1. Sanksi Administratif
Terapis gigi dan mulut dikatakan telah melakukan malpraktik administrasi manakala
terapis gigi dan mulut tersebut telah melanggar hukum administrasi. Perlu diketahui bahwa
dalam melakukan police power, Pemerintah mempunyai kewenangan menerbitkan
berbagai ketentuan di bidang kesehatan, misalnya tentang persyaratan bagi terapis gigi
dan mulut untuk menjalankan profesinya (Surat Izin Praktik), batas kewenangan serta
kewajiban. Apabila aturan tersebut dilanggar maka tenaga kesehatan yang bersangkutan
dapat dipersalahkan melanggar hukum administrasi.

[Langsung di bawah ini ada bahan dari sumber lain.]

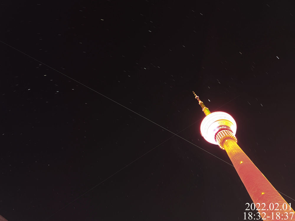 ↑除夕夜,中國宮過境北京上空。朱進 攝

Menurut Undang – Undang Nomor 36 Tahun 2014 tentang Tenaga Kesehatan pada Pasal
62 ayat (1) menyebutkan :
“Tenaga kesehatan yang menjalankan praktik harus dilakukan sesuai dengan kewenangan
yang didasarkan pada kompetensi yang dimiliki”
Pasal 82 ayat (1)
“Setiap tenaga kesehatan yang tidak melaksanakan ketentuan pasal 62 ayat (1) dikenai
sanksi administratif berupa :
a. Teguran lisan
b. Peringatan tertulis
c. Denda Administratif dan/atau
d. Pencabutan Izin
Menurut Peraturan Menteri Kesehatan Nomor 20 Tahun 2016 Pasal 28 menyebutkan bahwa
(1) Pemerintah, Pemerintah Daerah Provinsi, Dan Pemerintahan Daerah Kabupaten/Kota
dapat memberikan tindakan administratif kepada Terapis Gigi dan Mulut yang
melakukan pelanggaran terhadap ketentuan penyelenggaraan praktik keprofesian
Terapis Gigi dan Mulut
(2) Tindakan administratif sebagaimana dimaksud pada ayat (1) berupa :
a. Teguran lisan
b. Teguran tertulis
c. Pencabutan SIPTGM

2. Sanksi Perdata
Dalam KUHPerdata ada 2 (dua) macam titel gugatan yaitu wanprestasi dan perbuatan
melawan hukum. Terapis gigi dan mulut bekerja diluar kompetensi/kewenangan termasuk
kedalam perbuatan melawan hukum karena berbuat tidak sesuai dengan kewenangan
yang diatur dalam peraturan perundang – undangan (Permenkes Nomor 20 Tahun 2016).
Maka dapat dikenai sanksi perdata berupa mengganti kerugian yang diderita pasien baik
kerugian materil maupun imateril.

3. Sanksi Pidana
Terapis gigi dan mulut dalam melaksanakan tugas profesi bekerja diluar
kompetensi/kewenangan dan menyebabkan luka/cacat/kematian pada pasien dapat
dikakatan melakukan tindak pidana (memenuhi unsur kelalaian berat) dan mendapatkan
sanksi sesuai dengan :
Pasal 360 KUHP
“Barang siapa karena kesalahannya (kealpaannya) menyebabkan orang lain mendapat luka
– luka berat,diancam dengan pidana penjara paling lama lima tahun atau pidana kurungan
paling lama satu tahun”
Pasal 359 KUHP
“Barang siapa karena kesalahannya (kealpaannya) menyebabkan orang lain mati, diancam
dengan pidana penjara paling lama lima tahun atau pidana kurungan paling lama satu
tahun”
G. PENUTUP
Tenaga Kesehatan khususnya terapis gigi dan mulut merupakan tenaga profesional yang
menjalankan tugas profesi sesuai dengan standar profesi, standar operasional prosedur, hak
pengguna pelayanan dan peraturan perundang – undangan. Sepanjang terapis gigi dan mulut
melaksanakan tugas sesuai dengan standar profesi, standar operasional prosedur, hak
pengguna pelayanan dan peraturan perundang – undangan maka terapis gigi dan mulut
mendapatkan perlindungan hukum berdasarkan ketentuan perundang- undangan. Akan
tetapi jika terapis gigi dan mulut bekerja tidak sesuai dengan standar profesi, standar
operasional prosedur, hak pengguna pelayanan dan peraturan perundang – undangan maka
akan terjadi malpraktik etik maupun malpraktik hukum dan dapat dikenakan sanksi etik atau
sanksi hukum. Misalnya terapis gigi dan mulut bekerja tanpa memiliki STRTGM dan SIPTGM,
melakukan kelalaian medis dan bekerja tidak sesuai dengan kompetensi atau kewenangan.
Bekerja diluar kompetensi atau bekerja tidak sesuai kewenangan merupakan salah satu
tindakan malpraktik medik. Agar terhindar dari sanksi hukum ataupun tuntutan pasien maka
terapis gigi dan mulut sebaiknya bekerja sesuai dengan etika profesi dan ketentuan perundang
– undangan khususnya Peraturan Menteri Kesehatan Nomor 20 Tahun 2016 tentang Izin dan
Penyelenggaraan Terapis Gigi dan Mulut.